The aggressive decline in inflation has given the MPC room to cut the monetary policy rate successively. The 650 basis points cut is expected to result in the reduction of interest rates for the business community.
Prof. William Kwasi Peprah of Andrews University, speaking in an interview monitored by The High Street Journal, praised the Bank of Ghana’s recent moves to slash the monetary policy rate by 650 basis points over the last two meetings.
With inflation cooling to 11.5% in August, the lowest in four years, he believes the timing is right.
“We are almost close to our inflationary target of 8 plus or minus 2%. So, this strategy of the 650 basis points, from my perspective, is good,” he remarked.

Cheaper Credit Must Create Jobs
Lower policy rates typically mean cheaper credit for businesses. Prof. Peprah says that this should encourage companies to borrow, expand operations, and hire more workers. But Peprah cautioned that if businesses do not respond with expansion and employment, then Ghana risks cutting rates “for nothing.”
To him, cutting the policy rate must also ensure growth. That growth, he says, must be seen in the unemployment rate decline, which is very critical.
“We are anticipating that as the rate drops, companies may now start to expand their operations and employ more people. Employment from both formal and informal employment, we may see that the ratio has an impact. If this is not done, then whatever we have done is, I mean, will just solve one leg; the cutting monetary policy rate must also ensure growth.
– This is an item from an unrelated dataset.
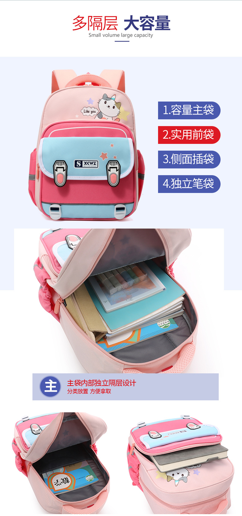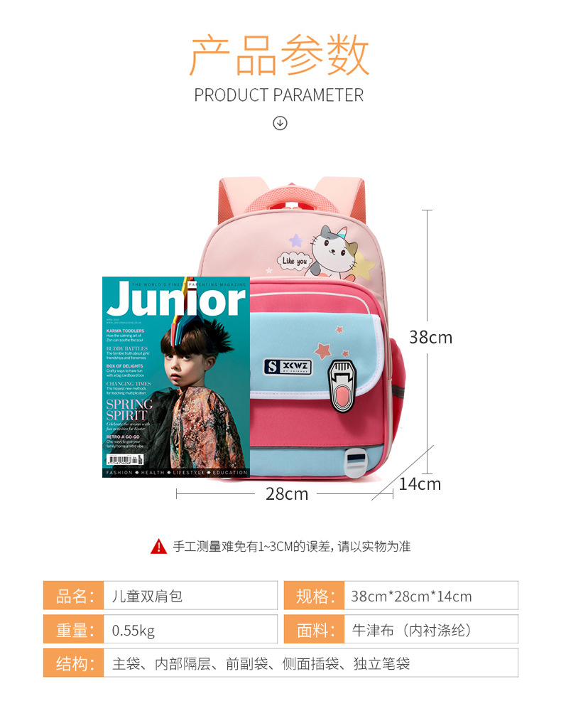 Mochila de gran capacidad de sándwich de tela Oxford de dibujos animados Fábrica al por mayor escuela primaria niños mochila de reducción de carga de protección de la columna

That growth must be seen in the unemployment rate decline, which is very, very important,” he noted.

The Human Cost of Jobless Growth
For a country with a high unemployment rate, coupled with a bulging youthful population, the stakes are high. The finance professor says that without job creation, rate cuts are little more than numbers on paper with very little impact.
Families struggling with unemployment won’t feel relief just because inflation is dropping or credit is cheaper.
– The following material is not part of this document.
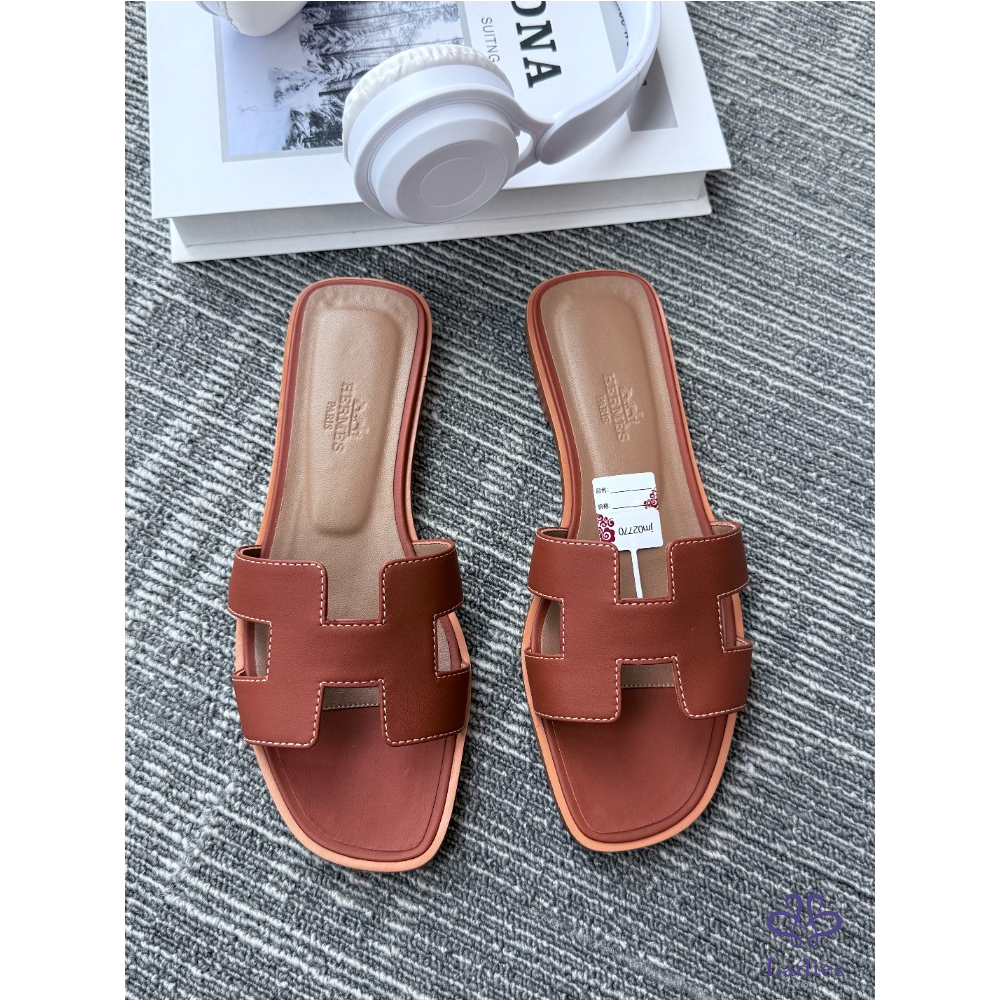 HERMES 愛馬仕 ORAN棕色H拖鞋 36碼全新原盒

He maintains that the real test lies in how the government ensures that the falling lending rates reduce joblessness.
“If they are unable to do this, then it becomes something else,” he warned, pointing out that growth without jobs risks deepening frustration among the youth, Ghana’s largest demographic.

A Bright Future Ahead
Prof. Peprah is optimistic that inflation may drop further in September and October. This, he says, will potentially bring Ghana’s inflation into its target band.
The anticipated further drop will give room for a further cut in the policy rate by the monetary policy committee, making credit cheaper for businesses to expand.